A cultura da impunidade

Todos que cometem crimes devem – ou deveriam – receber o mesmo tratamento das instâncias de controle social. É assim que penso, é nesse sentido que tenho agido. Por isso me causa certo desalento, por exemplo, colocar  em liberdade um meliante perigoso por excesso de prazo ou quando tenho, pelo mesmo decurso do tempo, que reconhecer uma prescrição e extinguir a punibilidade de um criminoso, sejam quais forem os crimes a ele imputados, por entender que é dever do Estado julgar a tempo e hora os que transgridem a ordem pública.

É mais comum do que as pessoas possam estar informadas a extinção da punibilidade e o relaxamento da prisão de meliantes por inação, descaso, incúria dos responsáveis pelas instâncias formais de controle social, o que é de se lamentar.

Nesse cenário, confesso, com ênfase, o meu especial desalento, a minha quase revolta quando me deparo, por exemplo, com a falta de zelo e de rigor dos agentes do Estado, diante, por exemplo, de crimes que condizem com o desvio de verbas públicas ou praticados com violência, pondo em relevo, neste artigo, os primeiros, em face dos efeitos danosos para o conjunto da sociedade.

Na condição de magistrado, tenho me defrontado com vários processos que traduzem bem a conduta imoral e irresponsável de gestores do dinheiro público, e, no mesmo passo, com a inércia, com o descaso e a falta de zelo dos responsáveis pelas agências de controle, que deixam, injustificadamente, que as ações se prolonguem no tempo, com indiscutíveis prejuízos à persecução criminal.

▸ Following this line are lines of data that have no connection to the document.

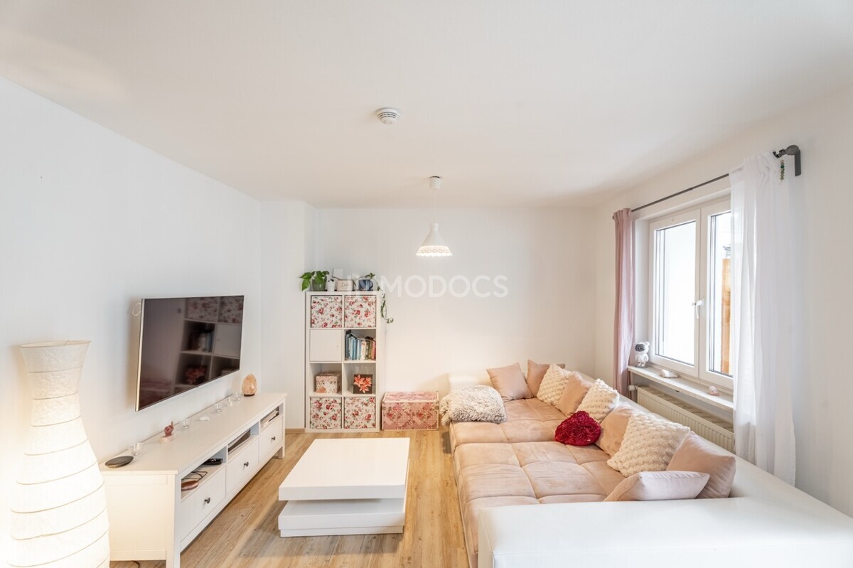 Diese großzügige Doppelhaushälfte in Waltenhofen-Rauns überzeugt durch modernes Wohnen, hochwertige Ausstattung und eine ruhige Lage in einer Privatstraße ohne Durchgangsverkehr. Im Erdgeschoss empfängt Sie eine helle Diele mit Gäste-WC, die in den offenen Wohn- und Essbereich mit moderner Küche übergeht. Der Kamin im Wohnzimmer sorgt an kühleren Tagen für eine besonders gemütliche Atmosphäre, und vom Wohnbereich aus gelangen Sie direkt auf die vordere Terrasse.
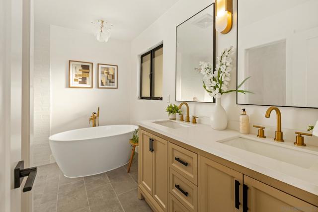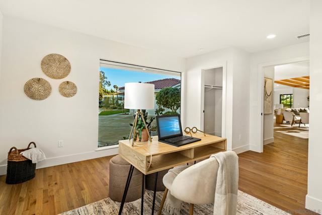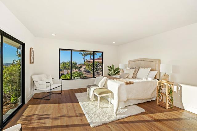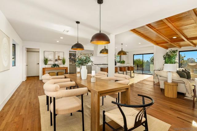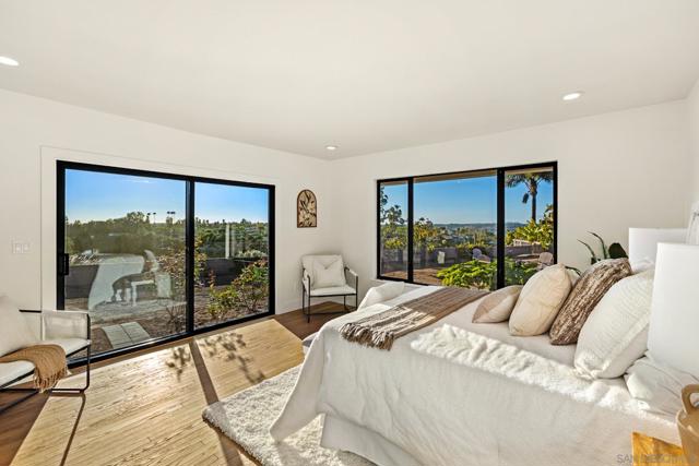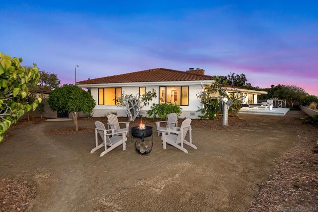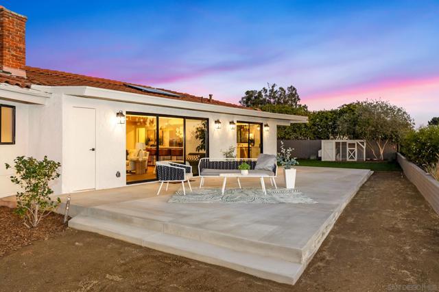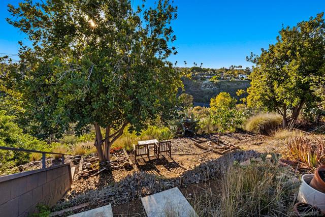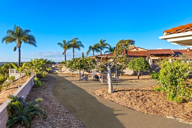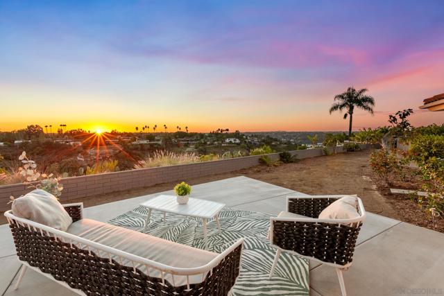 Perched on over an acre with sweeping canyon and sunset views, this highly upgraded single-story home offers a private retreat just minutes from SDSU, shopping, and everyday conveniences. Surrounded by greenery and open skies, the property delivers exceptional space, serenity, and comfort. Thoughtfully remodeled with care and craftsmanship (not a flip), the home features four permitted bedrooms, four full bathrooms, a bright open layout, new HVAC, and an original tongue-and-groove vaulted ceiling. Interior highlights include solid hardwood floors, high-end finishes, new vanities, new tile, and quartz and marble surfaces throughout. The chef’s kitchen features a Sub-Zero refrigerator, Thor dishwasher, and Forno 8-burner gas range with double ovens, an 11-foot island, new cabinetry, generous counter space, and a large walk-in pantry. A separate laundry room adds convenience. Master-suite offers canyon and sunset views through a large sliding door opening to a rose garden, plus a cedar-lined walk-in closet and remodeled bath with soaking tub. The main living area includes custom cabinetry and oversized glass sliders opening to an expansive patio for seamless indoor-outdoor living.The grounds include a large grassy area, in-ground garden beds, and a custom-built chicken coop. The property has over 40 different fruit trees and berry plants including fig, mulberry, persimmon, avocado, macadamia, pineapple guava, banana, papaya, lemon, nectarine, peach, apricot, pear, apple, pomegranate, and berries. Additional features, U-shaped driveway, ample storage and beautiful grounds.
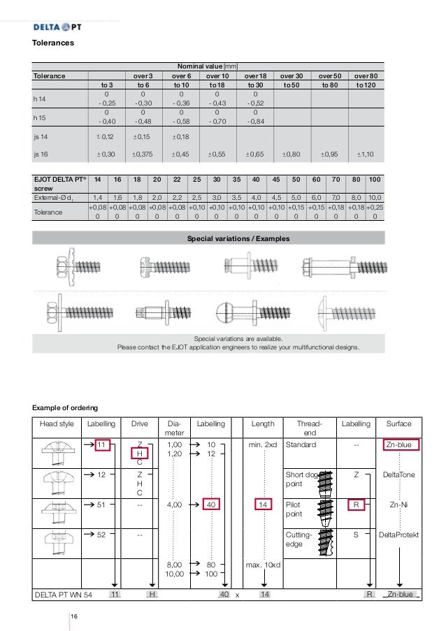 Ejot delta pt. Hotline Applications Engineer hotline@ejotcom 49 2751 Branislav Gunda bgunda@ejotsk 421 903 644 678 CAD a viac na ejotcom Po jednorázovej registrácii Vám. The FLOWpoint DELTA PT ® screw combines two successful EJOT methods in a unique new way The special point allows flowdrill fastening in materials without prehole, hole overlap problems are now a thing of the past The specially adjusted DELTA PT ® thread offers the best conditions for. The DELTA PT ® screw is the result of this optmisation process It meets the highest demand on precision and reliability as well as offering significant application advantages, for example for the design support with the EJOT DELTA CALC ® prognosis programme.
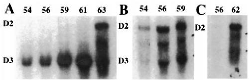 total RNA. This blot was hybridized only with the D2 probe. The numbers on
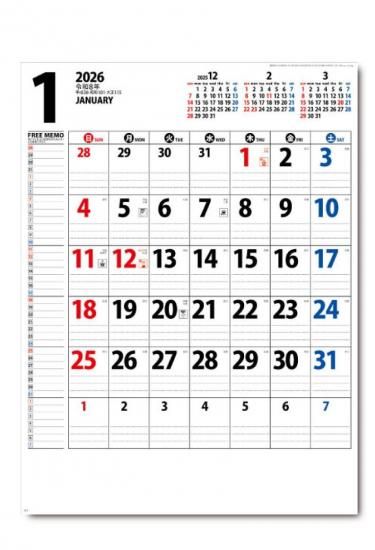 FREE MEMOスペースがついた、便利な6週表示の文字月表
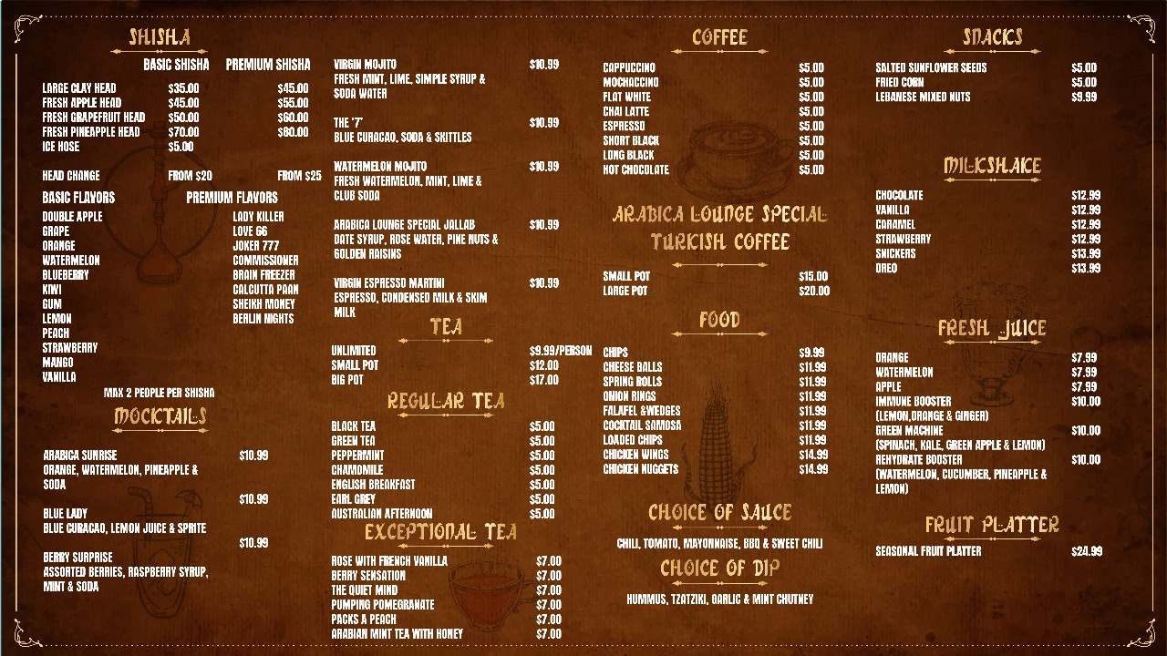 Menu from Arabica Lounge

Por isso a tenaz fiscalização do CNJ em torno desses processos.

Em casos desse jaez, o dado que me chama mais a atenção, portanto, é a morosidade da justiça – injustificável, desde a minha compreensão -, disso resultando a impunidade dos gestores, em face das consequências que dimanam do tempo transcorrido, por mais nociva que tenha sido a sua ação na administração da coisa pública. Logo, diante dessa sedimentada cultura de impunidade, eles se sentem estimulados a continuar transgredindo, cientes de que só por acidente serão responsabilizados criminalmente.

Decerto que as instâncias persecutórias não podem fazer corpo mole, sobretudo, diante de crimes dessa coloração, em face, repito, dos efeitos devastadores desse tipo de ação para o conjunto da sociedade. Por isso, nos julgamentos dos quais faço parte, tenho reiterado que, se é verdade que um assaltante merece ser tratado com todo o rigor – e merece mesmo, pois é, para mim, acima de tudo um covarde -, merece maior rigor, ainda, o gestor que desvia verbas públicas, pois as consequências da sua ação são mais danosas que as de um assalto à mão armada, por mais que o assalto nos cause indignação.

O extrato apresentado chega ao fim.